Predict: What happens if you change a model field and forget to run makemigrations? Does the database update automatically?

Step 5: Create a Superuser and Start the Server

What to do: Create an admin account and run the development server.

Why: Django comes with a full admin interface at /admin that gives you CRUD operations (create, read, update, delete) for any registered model. You need a superuser account to log in. The development server lets you test everything locally.

# Create an admin account
python manage.py createsuperuser

# Start the development server
python manage.py runserver

Then visit: - http://127.0.0.1:8000 — Django welcome page - http://127.0.0.1:8000/admin — log in with your superuser credentials

Once logged in, you can add, edit, and delete Items through the admin interface — Django generated this entire UI from your model definition.

Predict: The admin interface shows "Catalog > Items." Where do the display columns come from?
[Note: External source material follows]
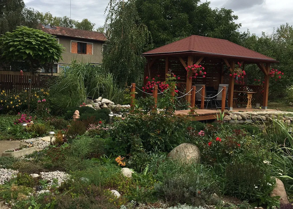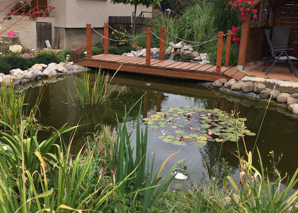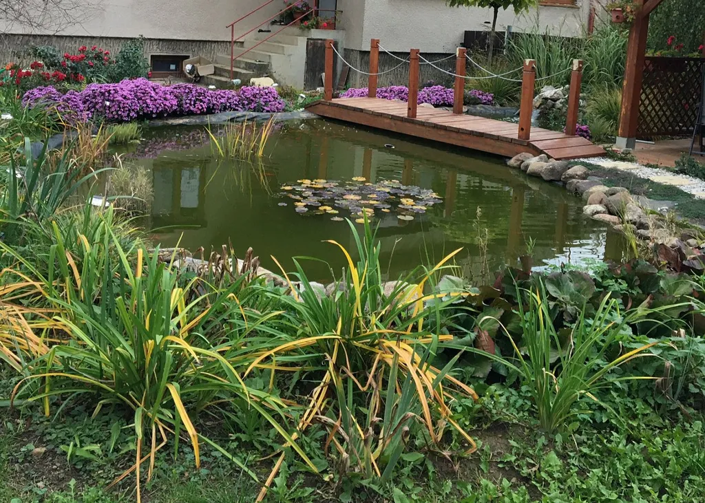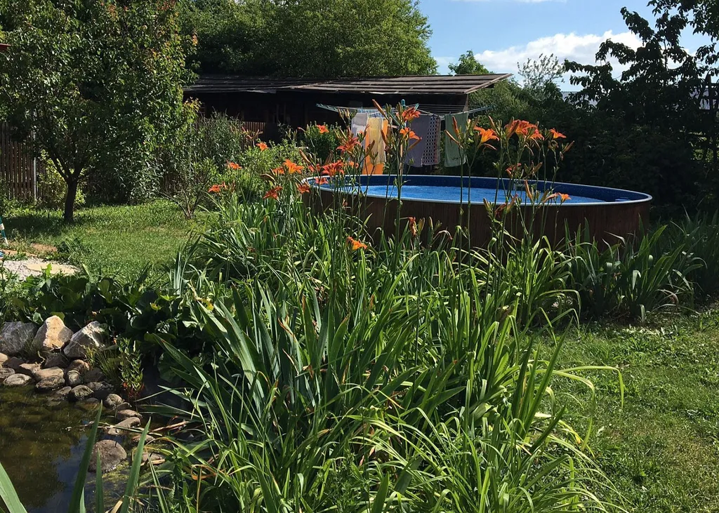 Zahrada rovinatá, okrasná s jezírkem, zahradním domkem a pergolou. Na zahradě bazén. Okrasná, pečlivě udržovaná zahrada skrývá mnoho druhů rostlin a plodících ovocných stromů a keřů.

Look at admin.py for the list_display setting.

Common Mistakes

Mistake Why It Happens Fix
No installed app with label 'catalog' App not in INSTALLED_APPS Add "catalog.apps.CatalogConfig" to the list
CharField missing max_length Django requires it for CharFields Add max_length=200 (or use TextField for unlimited text)
Model changes not in database Forgot makemigrations + migrate Always run both commands after changing models
Admin shows object ID instead of name Missing __str__ method Define __str__(self) on your model to return a readable name

Testing Your Solution

Run the setup script and then start the Django project:

python setup_guide.py
cd demo_project
python manage.py makemigrations
python manage.py migrate
python manage.py createsuperuser
python manage.py runserver

Verify: - http://127.0.0.1:8000 shows the Django welcome page - http://127.0.0.1:8000/admin shows the login page - After logging in, you can see and manage Items in the admin interface

Press Ctrl+C to stop the server.

What You Learned

  • Django separates projects and apps — a project is the overall configuration (settings, URLs), while an app is a self-contained feature module (models, views, templates) that can be reused across projects.
  • manage.py is the entry point for all Django commands: runserver starts development, migrate applies database changes, createsuperuser creates admin accounts.
  • Models are Python classes that map to database tables — Django's ORM translates between Python objects and SQL, so you rarely write raw SQL.
  • Migrations are a version control system for your database schemamakemigrations generates the change scripts, migrate applies them, and the history is preserved.